### Task goal
Pictures excluded, reproduce exactly the lines below from the one with "Woman holding her" through the one with "Scatter plot of", both included.
[[ Information given, beginning ]]
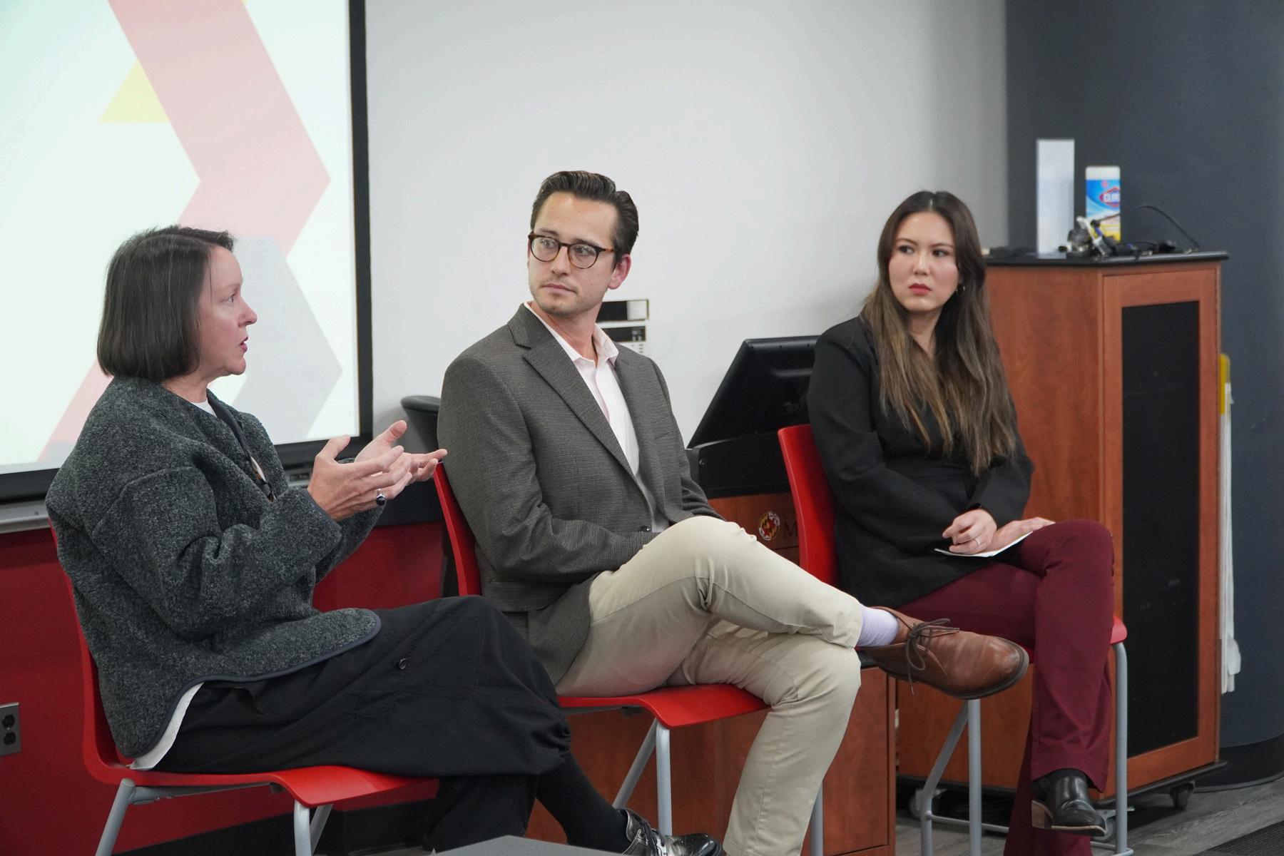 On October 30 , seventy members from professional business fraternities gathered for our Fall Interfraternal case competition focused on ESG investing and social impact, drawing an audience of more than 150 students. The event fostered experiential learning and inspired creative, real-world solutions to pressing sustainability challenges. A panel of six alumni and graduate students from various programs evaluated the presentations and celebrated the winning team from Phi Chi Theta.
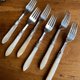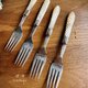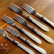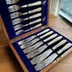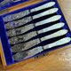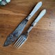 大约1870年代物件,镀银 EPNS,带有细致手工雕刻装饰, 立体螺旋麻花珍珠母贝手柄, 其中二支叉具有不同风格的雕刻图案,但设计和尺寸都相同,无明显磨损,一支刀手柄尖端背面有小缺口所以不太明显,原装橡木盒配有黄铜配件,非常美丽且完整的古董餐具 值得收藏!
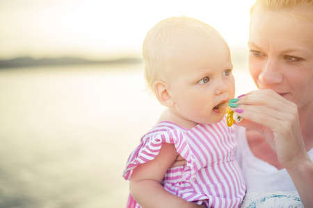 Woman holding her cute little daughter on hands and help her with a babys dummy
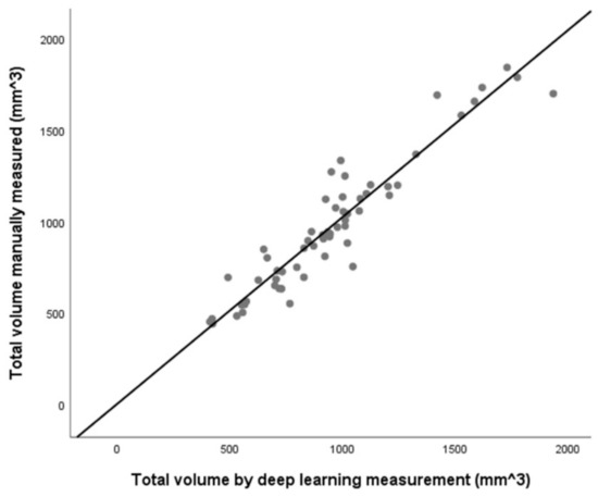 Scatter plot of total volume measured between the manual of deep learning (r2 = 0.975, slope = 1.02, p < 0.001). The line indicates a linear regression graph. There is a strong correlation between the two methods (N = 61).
[[ Information given, end ]]
[[ Information given, beginning ]]
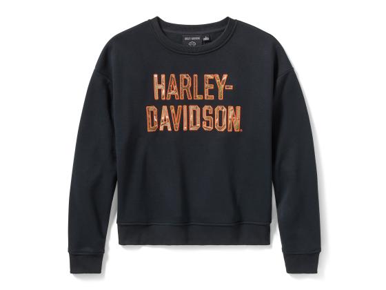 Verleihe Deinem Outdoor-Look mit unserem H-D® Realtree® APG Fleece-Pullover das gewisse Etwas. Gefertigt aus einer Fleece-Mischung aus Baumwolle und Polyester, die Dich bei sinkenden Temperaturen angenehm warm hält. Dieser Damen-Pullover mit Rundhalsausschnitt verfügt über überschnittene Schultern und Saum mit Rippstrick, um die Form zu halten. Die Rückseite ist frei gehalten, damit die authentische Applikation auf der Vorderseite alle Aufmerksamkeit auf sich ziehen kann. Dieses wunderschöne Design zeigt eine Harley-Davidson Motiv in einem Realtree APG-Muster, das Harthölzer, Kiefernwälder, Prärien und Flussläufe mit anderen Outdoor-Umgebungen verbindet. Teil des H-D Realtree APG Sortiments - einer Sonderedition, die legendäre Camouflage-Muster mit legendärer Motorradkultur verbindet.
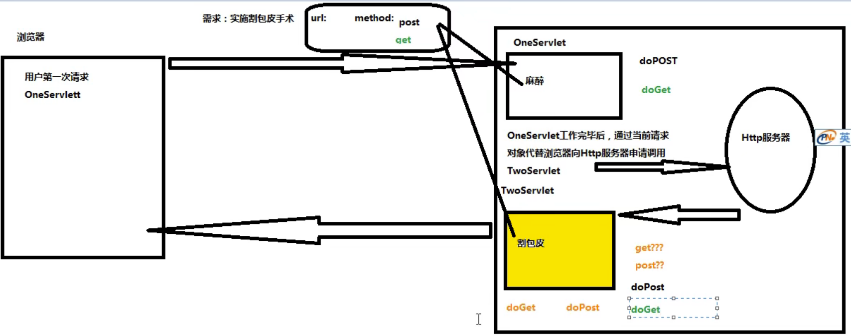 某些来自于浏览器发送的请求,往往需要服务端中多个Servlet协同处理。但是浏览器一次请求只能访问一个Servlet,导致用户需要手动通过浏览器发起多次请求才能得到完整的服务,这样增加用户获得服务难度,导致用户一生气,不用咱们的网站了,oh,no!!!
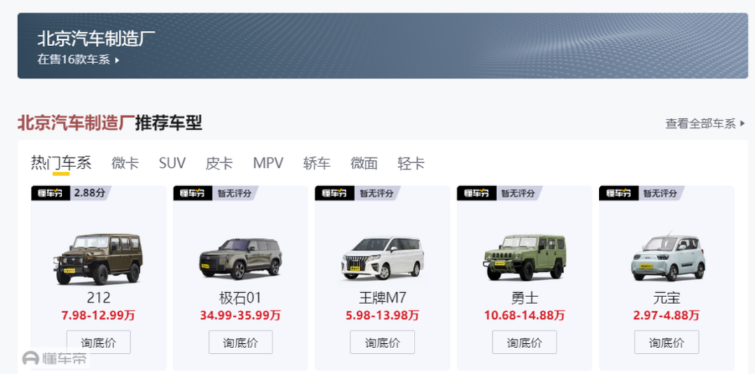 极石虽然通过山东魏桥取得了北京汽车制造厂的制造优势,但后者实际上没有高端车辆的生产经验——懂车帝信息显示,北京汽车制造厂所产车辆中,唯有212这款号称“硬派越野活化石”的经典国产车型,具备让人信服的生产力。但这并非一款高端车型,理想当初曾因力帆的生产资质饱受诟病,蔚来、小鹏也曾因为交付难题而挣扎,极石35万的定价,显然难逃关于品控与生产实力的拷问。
[[ Information given, end ]]
[[ Information given, beginning ]]
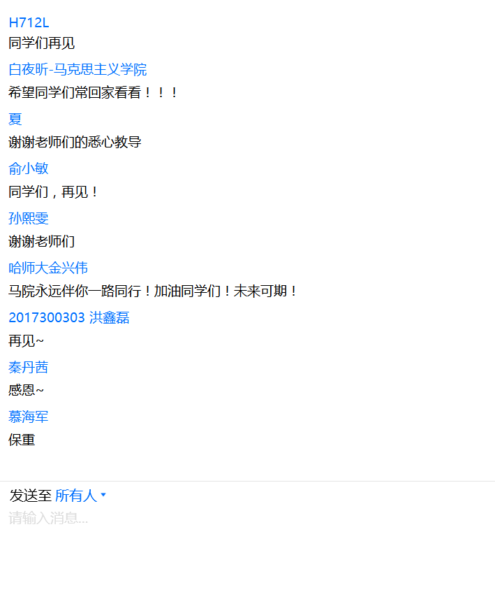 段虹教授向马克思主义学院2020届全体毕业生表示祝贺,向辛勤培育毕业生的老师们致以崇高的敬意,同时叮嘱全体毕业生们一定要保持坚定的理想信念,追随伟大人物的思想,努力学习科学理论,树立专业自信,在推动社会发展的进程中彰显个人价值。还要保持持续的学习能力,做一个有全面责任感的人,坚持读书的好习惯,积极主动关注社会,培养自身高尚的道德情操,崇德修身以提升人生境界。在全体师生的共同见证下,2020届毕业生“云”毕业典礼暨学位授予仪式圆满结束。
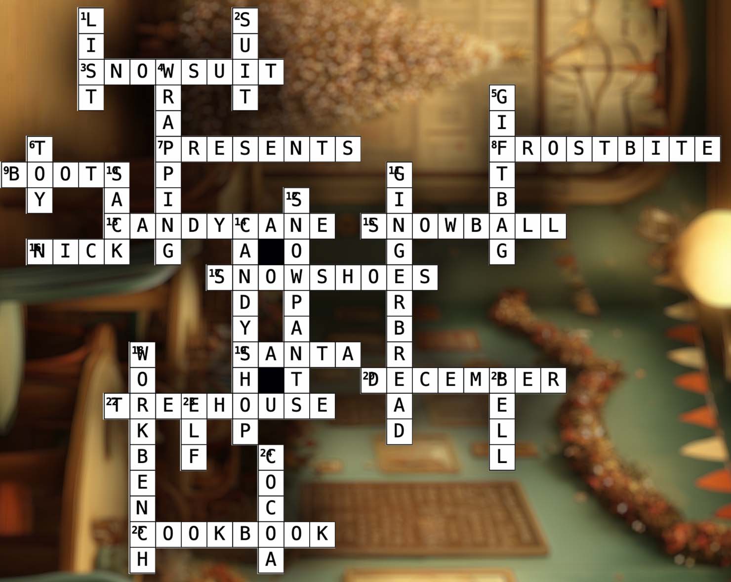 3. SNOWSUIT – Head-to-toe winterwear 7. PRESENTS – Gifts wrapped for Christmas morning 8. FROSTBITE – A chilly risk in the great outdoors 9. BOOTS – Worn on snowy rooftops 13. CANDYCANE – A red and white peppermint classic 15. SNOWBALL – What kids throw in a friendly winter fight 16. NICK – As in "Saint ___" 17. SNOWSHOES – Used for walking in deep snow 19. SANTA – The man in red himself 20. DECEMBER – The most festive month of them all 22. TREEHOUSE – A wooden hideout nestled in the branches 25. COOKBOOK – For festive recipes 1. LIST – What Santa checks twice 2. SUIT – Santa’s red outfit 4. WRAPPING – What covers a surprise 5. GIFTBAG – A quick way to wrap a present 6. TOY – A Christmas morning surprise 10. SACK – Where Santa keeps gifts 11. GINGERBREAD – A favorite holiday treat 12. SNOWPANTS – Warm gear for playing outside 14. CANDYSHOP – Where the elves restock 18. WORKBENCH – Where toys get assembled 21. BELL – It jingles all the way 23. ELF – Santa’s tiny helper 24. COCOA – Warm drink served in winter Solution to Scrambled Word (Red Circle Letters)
[[ Information given, end ]]
### Task solution
 Woman holding her cute little daughter on hands and help her with a babys dummy
 Scatter plot of total volume measured between the manual of deep learning (r2 = 0.975, slope = 1.02, p < 0.001). The line indicates a linear regression graph. There is a strong correlation between the two methods (N = 61).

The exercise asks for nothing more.